The Financial Accounting Standards Board notes that investors and analysts want more transparency around supplier financing programs so they can “better understand the potential risks of longer payment terms with suppliers and sources of working capital.” The proposal would require disclosure of qualitative and quantitative information about the Program in the notes to the financial statements which would be “sufficient to allow the user to understand the nature and activity during the period, changes from period to period, and the potential size of the Program.” Qualitatively, the purchaser would need to disclose the key terms of the program and a description of where to offer This amount is on the balance sheet. Quantitatively, the buyer will be required to disclose the amount of the obligation that the buyer has confirmed to be true and remains due and not paid by the buyer as of the end of the period, along with changes during the period. More specifically, disclosures will include an “extension” of those liabilities that show the amount of the liability owed at the beginning of the reporting period, the amount added to the program during the reporting period, the amount settled during the reporting period, and the amount of those liabilities outstanding at the end of the reporting period by the report. To improve the comparability of financial information, the Financial Accounting Standards Board has determined that, in initial application, the proposed adjustments should be applied retrospectively to each period in which the balance sheet is presented. If a company has multiple programs, it will be allowed to aggregate disclosures, as long as the grouping does not obscure useful information about programs with substantially different characteristics. Collectively, the Financial Accounting Standards Board believes that these disclosures should “provide investors and analysts with information relevant to their analyzes of working capital, liquidity, and cash flows.”

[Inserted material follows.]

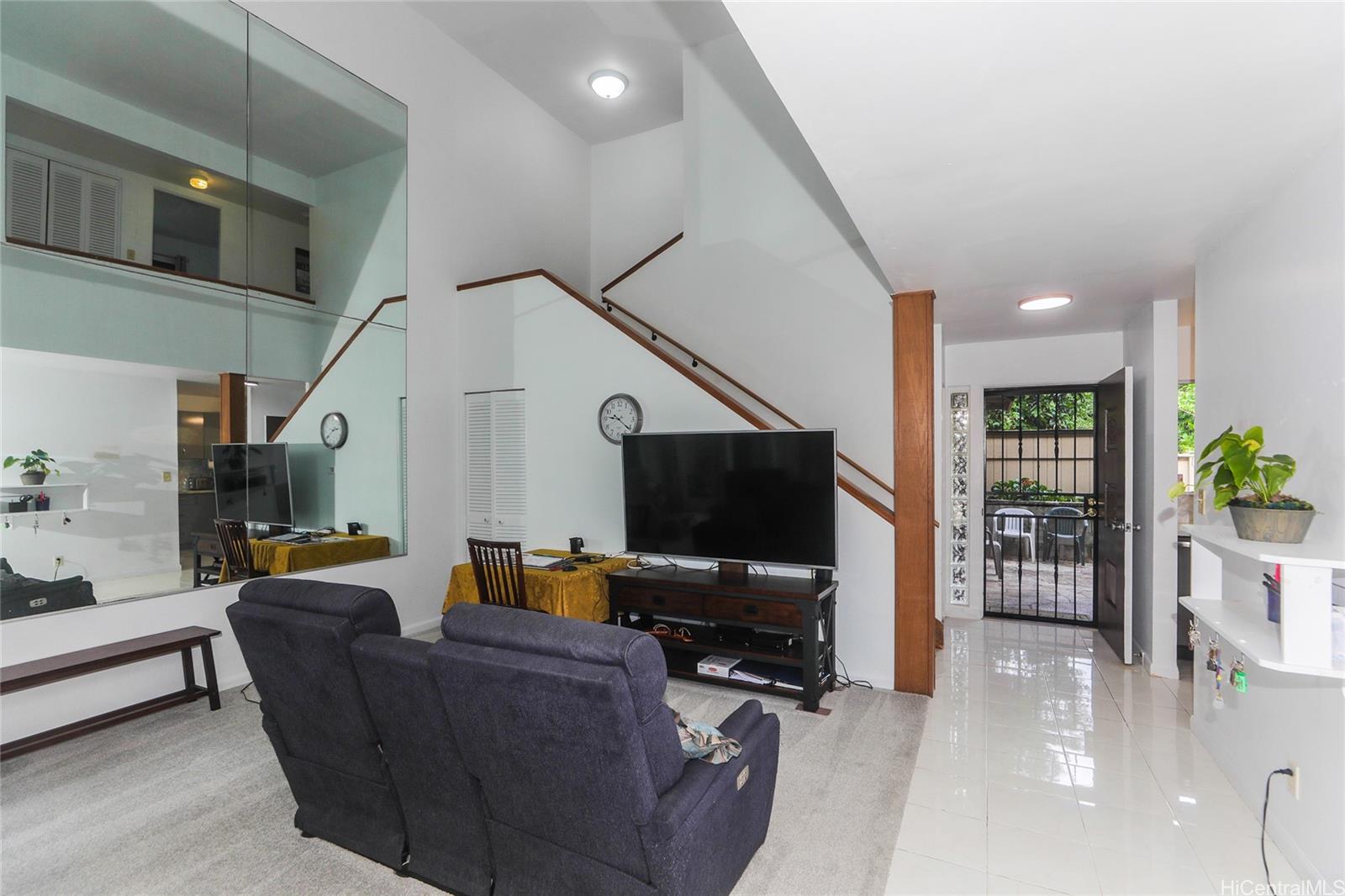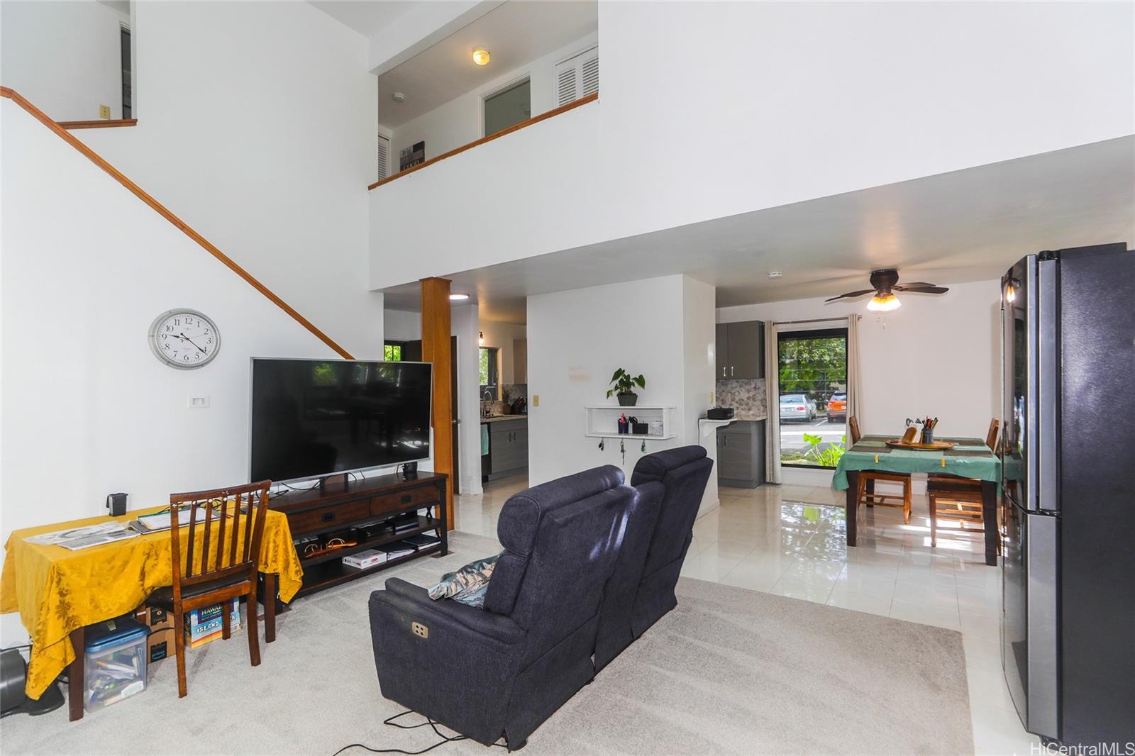 Seller said sell so large price reduction to 699K. Welcome to Club View Gardens. This lovely and spacious 4 bedroom and 2 full bathroom CORNER/END unit Townhome is nestled at the foot of the Ko'olau Mountains with breathtaking views of the Ko'olau Mountain range. Enjoy the high vaulted ceiling in the living room and your newly renovated kitchen with beautiful quartz counter top. This home is perfect for entertaining guests! The features include spacious versatile first floor primary bedroom and full bathroom with two different entryways from the fenced-in courtyard and from inside of the house. Upstairs has 3 spacious bedrooms and one full bathroom. 2 of the upstairs bedrooms have useable lanais! Enjoy the bonus Fish Pond in your courtyard! There are two side by side assigned parking spaces next to the unit and ample street parking. Property is sold in "as is" condition. Please note physical address is: 47-654 Hui Kelu Street #1. Listing by: Island, REALTORS (808) 687-8000
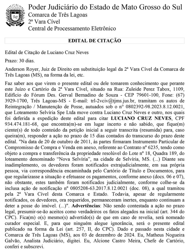 EDITAL: Poder Judiciário do Estado de Mato Grosso do Sul

The Financial Accounting Standards Board, with three opponents, decided not to request information about the amount due and confirmed in interim periods. However, the proposed ASU asks whether, in addition to annual periods, the company should be “required to disclose the certain amount owed and roll those liabilities in each interim reporting period,” or only for interim reporting periods when there is a significant event or transaction Related to programs that have a material impact on the company. Additionally, the Financial Accounting Standards Board said that because it did not find widespread diversity in practice, it “considered but decided not to address the cash flow statement presentation for changes in obligations covered by supplier financing programs.”